Successful academic crowdsourcing projects, as I and other have argued elsewhere, depend for their success on the relationships they create with their volunteers. I believe there is some reason to believe that Ronson’s logic can be applied here too – i.e. where both non-professional volunteers and professional project instigators are exposed controlled feedback loops. Lasecki et. al. for example argue that crowds can self-learn through the correct application of mechanical tasks which are tightly regulated and controlled on platforms such as Mechanical Turk. The feedback loop is that the task has been performed correctly or incorrectly. Other volunteers report learning from each other via discussion forums, learning from good practice. Others go on to create Wikipedia pages around the content they have worked on – although whether Wikipedia is crowdsourcing or something else, such as community participation is another matter (a distinction succinctly made on this blog post).

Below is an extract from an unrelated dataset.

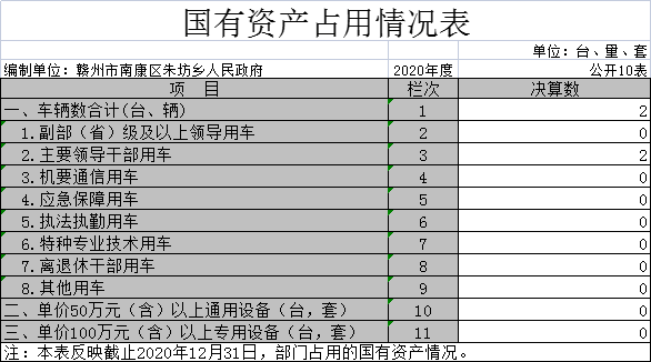 截止2020年12月31日,本部门(单位)国有资产占用情况见公开10表《国有资产占用情况表》。其中车辆中的其他用车主要是主要领导干部用车。

Those of us who have researched crowdsourcing over the last few years often get hung up on semantics and labels; and I am guilty as charged — I have found myself having far longer conversations that the subject justifies (which is how much?) over whether crowdsourcing should a hyphen or not. I think that considering the attributes of what makes crowdsourcing crowdsourcing, as opposed to something else, is more useful. An effort to characterize what makes “good” or “productive” feedback loops – as opposed to wild and unconstrained ones which destroyed Lehrer, Stone and Sacco – might be a good place to start.